**INSTRUCTIONS FOR THE TASK**. Each line in the records below, from the one that contains "湖南美猴王影业向潇湘晨报记者" to the one that contains "Made of lotus", should be reproduced exactly, the first and last included.

+++++

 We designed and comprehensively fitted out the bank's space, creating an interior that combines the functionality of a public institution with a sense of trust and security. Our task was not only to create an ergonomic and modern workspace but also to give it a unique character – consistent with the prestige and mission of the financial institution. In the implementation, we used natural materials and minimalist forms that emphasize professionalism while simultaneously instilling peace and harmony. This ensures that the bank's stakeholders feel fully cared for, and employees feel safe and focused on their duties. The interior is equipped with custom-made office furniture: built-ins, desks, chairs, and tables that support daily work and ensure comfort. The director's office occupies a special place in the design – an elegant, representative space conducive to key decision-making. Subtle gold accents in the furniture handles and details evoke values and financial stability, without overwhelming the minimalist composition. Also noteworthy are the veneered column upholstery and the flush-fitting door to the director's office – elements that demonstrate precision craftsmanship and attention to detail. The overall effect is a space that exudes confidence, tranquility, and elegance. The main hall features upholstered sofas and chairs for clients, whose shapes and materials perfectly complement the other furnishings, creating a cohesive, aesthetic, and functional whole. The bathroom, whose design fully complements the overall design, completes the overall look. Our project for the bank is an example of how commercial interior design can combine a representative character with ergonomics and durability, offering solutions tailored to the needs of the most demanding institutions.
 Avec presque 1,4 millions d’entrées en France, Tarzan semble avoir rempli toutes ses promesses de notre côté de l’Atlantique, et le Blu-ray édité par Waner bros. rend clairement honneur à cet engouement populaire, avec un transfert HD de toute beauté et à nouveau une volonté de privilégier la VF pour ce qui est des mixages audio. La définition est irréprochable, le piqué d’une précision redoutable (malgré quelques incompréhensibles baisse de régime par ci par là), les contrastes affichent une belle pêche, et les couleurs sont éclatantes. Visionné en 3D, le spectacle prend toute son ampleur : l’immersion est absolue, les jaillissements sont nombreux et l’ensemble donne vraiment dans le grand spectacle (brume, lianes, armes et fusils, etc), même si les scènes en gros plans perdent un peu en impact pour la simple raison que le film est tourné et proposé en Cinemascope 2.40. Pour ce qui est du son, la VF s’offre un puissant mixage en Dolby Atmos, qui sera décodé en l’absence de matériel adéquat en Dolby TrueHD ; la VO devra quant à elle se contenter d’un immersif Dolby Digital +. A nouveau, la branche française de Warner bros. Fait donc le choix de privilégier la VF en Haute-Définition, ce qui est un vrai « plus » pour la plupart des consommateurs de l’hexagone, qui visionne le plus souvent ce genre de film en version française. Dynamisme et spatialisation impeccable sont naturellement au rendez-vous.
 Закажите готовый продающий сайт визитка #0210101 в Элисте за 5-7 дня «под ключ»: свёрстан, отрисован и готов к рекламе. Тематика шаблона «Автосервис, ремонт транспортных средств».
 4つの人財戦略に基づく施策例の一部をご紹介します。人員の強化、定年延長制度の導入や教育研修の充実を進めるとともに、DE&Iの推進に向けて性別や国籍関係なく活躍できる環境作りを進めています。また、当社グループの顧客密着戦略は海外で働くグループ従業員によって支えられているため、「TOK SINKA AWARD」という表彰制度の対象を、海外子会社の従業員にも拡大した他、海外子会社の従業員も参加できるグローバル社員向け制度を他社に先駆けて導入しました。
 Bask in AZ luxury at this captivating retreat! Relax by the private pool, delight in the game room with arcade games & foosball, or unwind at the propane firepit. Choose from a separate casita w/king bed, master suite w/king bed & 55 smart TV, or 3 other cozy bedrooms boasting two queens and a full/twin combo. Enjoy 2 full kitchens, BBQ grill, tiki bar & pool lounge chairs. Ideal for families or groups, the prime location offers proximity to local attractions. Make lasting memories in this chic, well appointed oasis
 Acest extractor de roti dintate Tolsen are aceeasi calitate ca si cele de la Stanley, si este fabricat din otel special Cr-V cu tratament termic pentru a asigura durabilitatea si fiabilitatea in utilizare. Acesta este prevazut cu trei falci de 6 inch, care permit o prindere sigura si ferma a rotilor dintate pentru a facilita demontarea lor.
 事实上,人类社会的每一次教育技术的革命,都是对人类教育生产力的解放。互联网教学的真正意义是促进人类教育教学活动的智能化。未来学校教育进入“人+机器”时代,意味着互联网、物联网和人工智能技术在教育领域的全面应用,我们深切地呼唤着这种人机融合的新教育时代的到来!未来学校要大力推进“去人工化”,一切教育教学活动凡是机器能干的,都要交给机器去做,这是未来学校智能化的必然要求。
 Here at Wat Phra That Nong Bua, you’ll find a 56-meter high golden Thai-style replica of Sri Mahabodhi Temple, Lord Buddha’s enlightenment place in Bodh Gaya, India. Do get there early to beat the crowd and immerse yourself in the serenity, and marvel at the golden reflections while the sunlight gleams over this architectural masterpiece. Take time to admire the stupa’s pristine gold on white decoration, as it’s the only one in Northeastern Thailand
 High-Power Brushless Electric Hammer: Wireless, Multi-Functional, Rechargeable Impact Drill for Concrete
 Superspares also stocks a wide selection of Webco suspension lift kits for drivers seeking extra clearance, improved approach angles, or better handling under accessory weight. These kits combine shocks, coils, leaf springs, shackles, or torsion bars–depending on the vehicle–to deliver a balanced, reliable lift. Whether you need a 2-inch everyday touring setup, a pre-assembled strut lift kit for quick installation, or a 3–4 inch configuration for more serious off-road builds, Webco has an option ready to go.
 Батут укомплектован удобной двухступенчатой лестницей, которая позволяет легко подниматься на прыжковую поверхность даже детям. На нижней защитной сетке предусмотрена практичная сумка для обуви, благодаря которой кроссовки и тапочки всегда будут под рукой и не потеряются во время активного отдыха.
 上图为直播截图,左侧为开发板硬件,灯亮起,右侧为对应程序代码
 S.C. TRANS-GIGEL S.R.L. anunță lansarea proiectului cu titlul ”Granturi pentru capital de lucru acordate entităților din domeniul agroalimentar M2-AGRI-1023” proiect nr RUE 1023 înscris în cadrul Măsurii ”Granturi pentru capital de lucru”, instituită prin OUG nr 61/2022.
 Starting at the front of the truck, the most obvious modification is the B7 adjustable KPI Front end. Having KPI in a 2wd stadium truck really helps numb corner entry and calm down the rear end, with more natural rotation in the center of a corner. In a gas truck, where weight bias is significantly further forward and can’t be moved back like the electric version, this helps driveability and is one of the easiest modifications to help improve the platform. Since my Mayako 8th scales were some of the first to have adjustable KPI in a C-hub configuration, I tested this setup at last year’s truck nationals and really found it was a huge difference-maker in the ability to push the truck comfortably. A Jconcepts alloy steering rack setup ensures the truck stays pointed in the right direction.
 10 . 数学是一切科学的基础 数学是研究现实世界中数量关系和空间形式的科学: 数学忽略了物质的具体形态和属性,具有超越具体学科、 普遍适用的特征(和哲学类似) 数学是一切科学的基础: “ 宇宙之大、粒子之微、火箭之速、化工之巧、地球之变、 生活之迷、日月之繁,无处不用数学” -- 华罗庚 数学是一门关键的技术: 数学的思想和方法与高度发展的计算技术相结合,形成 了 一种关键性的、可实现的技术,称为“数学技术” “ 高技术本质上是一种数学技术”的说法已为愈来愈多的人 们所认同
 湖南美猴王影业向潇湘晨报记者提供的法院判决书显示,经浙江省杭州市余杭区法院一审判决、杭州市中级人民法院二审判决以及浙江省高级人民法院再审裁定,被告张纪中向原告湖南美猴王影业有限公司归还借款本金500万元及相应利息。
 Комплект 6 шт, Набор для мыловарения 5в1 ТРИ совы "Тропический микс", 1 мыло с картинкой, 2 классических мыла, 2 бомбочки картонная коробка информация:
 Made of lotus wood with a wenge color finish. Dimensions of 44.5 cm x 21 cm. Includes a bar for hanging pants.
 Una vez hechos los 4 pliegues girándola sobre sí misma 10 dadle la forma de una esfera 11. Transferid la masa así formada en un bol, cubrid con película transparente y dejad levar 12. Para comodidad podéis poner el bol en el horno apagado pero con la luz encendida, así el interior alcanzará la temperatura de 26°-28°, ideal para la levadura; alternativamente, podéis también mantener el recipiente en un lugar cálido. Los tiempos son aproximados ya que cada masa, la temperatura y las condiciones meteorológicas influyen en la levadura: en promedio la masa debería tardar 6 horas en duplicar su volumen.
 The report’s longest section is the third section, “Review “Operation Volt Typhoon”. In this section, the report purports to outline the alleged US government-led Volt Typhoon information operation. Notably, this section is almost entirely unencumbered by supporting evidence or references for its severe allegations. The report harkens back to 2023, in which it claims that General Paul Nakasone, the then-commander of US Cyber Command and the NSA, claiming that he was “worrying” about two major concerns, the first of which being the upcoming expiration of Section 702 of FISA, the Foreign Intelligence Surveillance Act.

+++++

**COMPLETED TASK**.
 湖南美猴王影业向潇湘晨报记者提供的法院判决书显示,经浙江省杭州市余杭区法院一审判决、杭州市中级人民法院二审判决以及浙江省高级人民法院再审裁定,被告张纪中向原告湖南美猴王影业有限公司归还借款本金500万元及相应利息。
 Комплект 6 шт, Набор для мыловарения 5в1 ТРИ совы "Тропический микс", 1 мыло с картинкой, 2 классических мыла, 2 бомбочки картонная коробка информация:
 Made of lotus wood with a wenge color finish. Dimensions of 44.5 cm x 21 cm. Includes a bar for hanging pants.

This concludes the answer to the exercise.